Ramy Shaath 12 février 2023

Pour saisir les enjeux de l’offensive qui se prépare contre Rafah, il faut sans doute revenir de nouveau à la réunion qui s’est tenue, à Paris le 25 janvier dernier, entre les responsables des Services de Renseignement étatsuniens, français, israéliens, égyptiens et qatariens. Ils se sont entendus pour que la proposition d’accord sur une trêve échoue. De même qu’a été décidé d’avoir recours à l’arme de la famine pour exercer une pression sur les Palestiniens en réduisant drastiquement le nombre de convois humanitaires de l’UNRWA. Cette opération a pris prétexte du blocage du point de passage vers Gaza par des extrémistes israéliens et elle a nécessité la réduction du financement de l’agence.  Depuis une dizaine de jours, non seulement, plus aucun camion, acheminant nourriture et médicaments, n’arrive au nord de Gaza et à Gaza City, mais ont été bombardés les derniers entrepôts de nourriture de la région, abandonnant à une faim certaine plus de 100 000 Palestiniens.

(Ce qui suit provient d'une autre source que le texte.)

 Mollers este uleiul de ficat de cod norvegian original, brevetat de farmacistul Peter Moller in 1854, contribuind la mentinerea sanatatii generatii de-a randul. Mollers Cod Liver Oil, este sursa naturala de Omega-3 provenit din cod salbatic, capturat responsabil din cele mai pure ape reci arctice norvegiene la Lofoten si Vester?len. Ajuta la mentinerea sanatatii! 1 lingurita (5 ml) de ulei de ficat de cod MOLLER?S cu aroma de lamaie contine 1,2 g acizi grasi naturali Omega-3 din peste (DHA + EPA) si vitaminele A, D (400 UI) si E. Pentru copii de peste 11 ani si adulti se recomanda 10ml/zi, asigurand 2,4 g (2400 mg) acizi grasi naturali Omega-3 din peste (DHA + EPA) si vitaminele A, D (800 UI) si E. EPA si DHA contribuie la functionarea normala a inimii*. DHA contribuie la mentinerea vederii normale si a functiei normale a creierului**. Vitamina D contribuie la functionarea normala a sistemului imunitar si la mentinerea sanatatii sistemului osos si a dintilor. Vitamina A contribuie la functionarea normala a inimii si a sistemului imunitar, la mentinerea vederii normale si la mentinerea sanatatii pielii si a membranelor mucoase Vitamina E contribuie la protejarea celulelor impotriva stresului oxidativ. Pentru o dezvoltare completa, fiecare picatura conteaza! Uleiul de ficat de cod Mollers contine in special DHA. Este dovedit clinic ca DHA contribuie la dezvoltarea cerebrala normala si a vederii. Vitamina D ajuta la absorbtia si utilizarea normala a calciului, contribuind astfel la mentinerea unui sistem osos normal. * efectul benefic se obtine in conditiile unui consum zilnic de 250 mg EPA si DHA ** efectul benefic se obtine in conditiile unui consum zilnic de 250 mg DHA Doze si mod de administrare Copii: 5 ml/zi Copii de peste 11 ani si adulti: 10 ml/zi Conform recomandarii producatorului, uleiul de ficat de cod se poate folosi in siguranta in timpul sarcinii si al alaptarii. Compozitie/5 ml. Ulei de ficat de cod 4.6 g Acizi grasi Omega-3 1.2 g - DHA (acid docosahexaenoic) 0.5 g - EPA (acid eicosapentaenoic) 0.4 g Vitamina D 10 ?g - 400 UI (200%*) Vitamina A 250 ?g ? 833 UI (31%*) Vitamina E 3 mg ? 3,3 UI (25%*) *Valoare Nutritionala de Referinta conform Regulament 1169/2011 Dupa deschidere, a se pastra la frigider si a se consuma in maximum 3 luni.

La stratégie a consisté à rendre Hamas seul responsable de cette situation. La nature intenable des conditions élaborées à Paris concernant le cessez-le-feu a été en effet préméditée en vue de provoquer son rejet par les représentants du Hamas. Ces derniers n’ont pas manqué de faire des contre-propositions qui ont toutes essuyé un refus catégorique d’Israël, soutenu entièrement par les Etats-Unis. Parmi elles, s’est trouvée l’exigence, toute logique, de garanties quant à la pérennité du cessez-le-feu. Ils ont également demandé la libération de 1500 prisonniers, en spécifiant le nom de 500 d’entre eux. Par ailleurs, le Hamas a défendu l’impératif de l’acheminement immédiat de matériaux de construction, sans lesquels il serait impossible de reconstruire logements, hôpitaux et autres infrastructures minimales.

C’est ainsi qu’il faut comprendre comment les conditions favorisant l’offensive contre Rafah ont été préparées. Les Etats-Unis ont donné leur feu vert à l’offensive, mais ils font mine d’avoir quelques divergences avec Israël, en vue de redonner de la popularité à Joe Biden et d’anticiper d’éventuelles poursuites devant la Cour Internationale de Justice.

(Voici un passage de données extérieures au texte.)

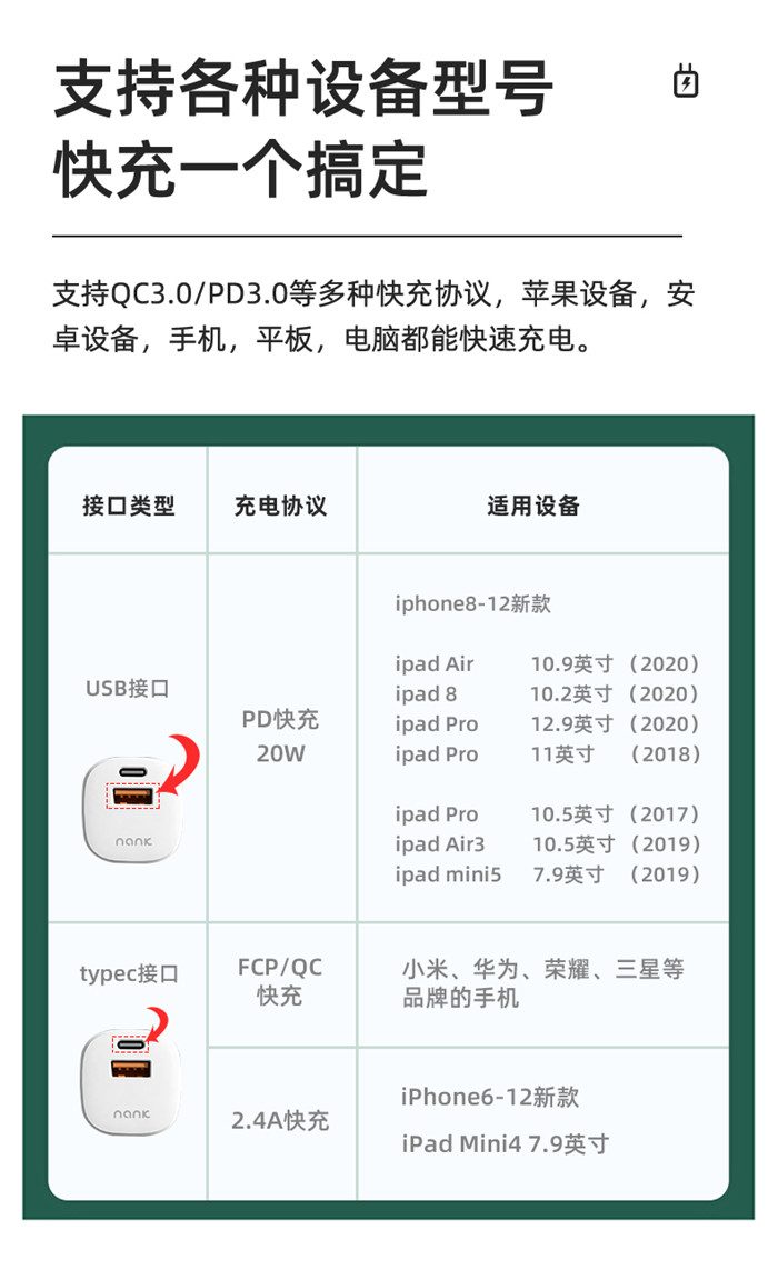 Nank南卡充电头C2南卡20W双口PD快充充电器 10台

L’offensive aurait été annoncée d’ici deux semaines. Cette échéance est à prendre au sérieux car un certain nombre de pays arabes, à l’instar de l’Arabie Saoudite et l’Egypte, redoutent que cette attaque ne soit pas achevée avant le mois de Ramadan, sans quoi elle attiserait la colère populaire dans toute la région. Il semblerait que les autorités égyptiennes aient accepté que l’armée israélienne s’introduise par le corridor de Philadelphie, qui longe la frontière avec l’Egypte, afin d’imposer un blocus complet de la ville de Rafah. La seule condition exigée en contrepartie est de ne pas provoquer de déportation des Palestiniens vers le Sinaï.

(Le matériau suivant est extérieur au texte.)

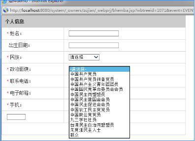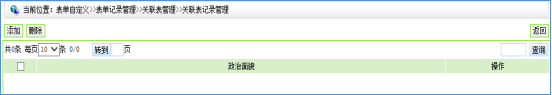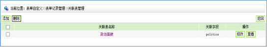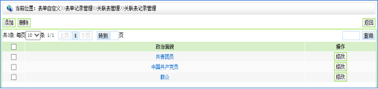 关联表名称,进入到添加关联表数据添加页面,如图3-5所示。添加数据后如图3-6所示。前台页面政治面貌下拉列表的数据就会被替换成后台添加的数据。如图3-7所示。
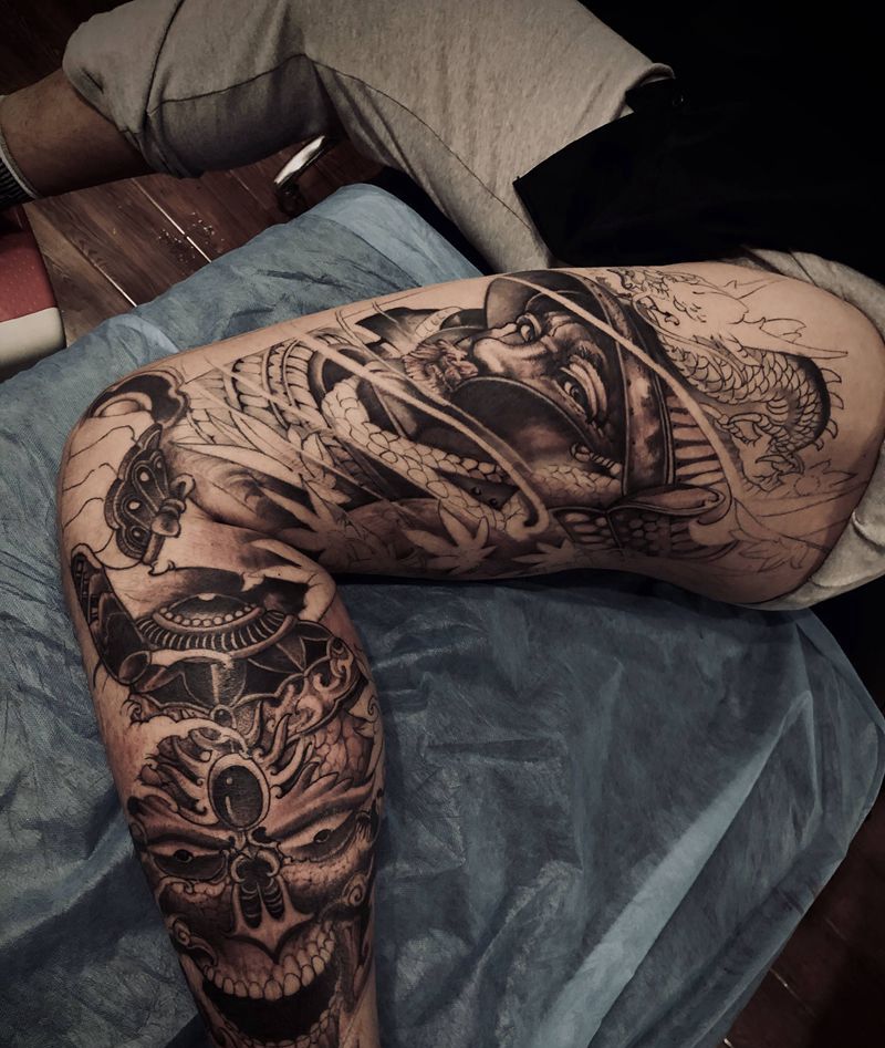 • T网红王老大花腿龙纹身图片_腿部新传统纹身图案

Notre responsabilité est tout d’abord de dénoncer cette campagne justifiant la poursuite du massacre au nom d’un soi-disant refus du cessez-le-feu par le Hamas. Par ailleurs, il faut bien saisir le rôle actuel de l’Etat français. Comme d’autres Etats, il a été informé par Israël de sa décision d’attaquer Rafah d’ici deux semaines.  C’est pour cette raison qu’il évacue ses derniers ressortissants de Rafah avant l’offensive terrestre et la fermeture du point de passage avec l’Egypte. Il faut savoir que la France est l’un des rares pays européens à demander l’autorisation de sortie à l’Etat d’Israël de ses propres ressortissants. Nous le savons car quatre noms ont été refusés sur une liste précédente, et sans aucune justification. Par ailleurs, son rôle a été de pousser le Hezbollah à ne pas augmenter ses pressions contre Israël, mais sans succès. Il faut donc envisager encore possible une escalade de la violence dans la région, et cela malgré l’ensemble des manœuvres étatsuniennes et européennes au service de la poursuite du massacre du peuple palestinien.

La situation est claire : un million et demie de personnes sont coincées à Rafah, sans possibilité de se rendre ni du côté de l’Egypte, ni du côté du nord de la Bande de Gaza. Il est à penser que les Israéliens vont imposer des routes sécurisées à l’intérieur même de Gaza, soit vers le nord, soit vers le sud, soit vers l’est, soit vers l’ouest, et cela dans le but d’exacerber davantage les souffrances et le chaos. Cette bataille qui vise à « briser les os » et qui devrait durer trois semaines, va assurément déterminer la suite des événements. Le temps est donc compté et doit servir à faire changer radicalement la position de la France, ce qui suppose, de notre part, une plus grande radicalité de nos actions.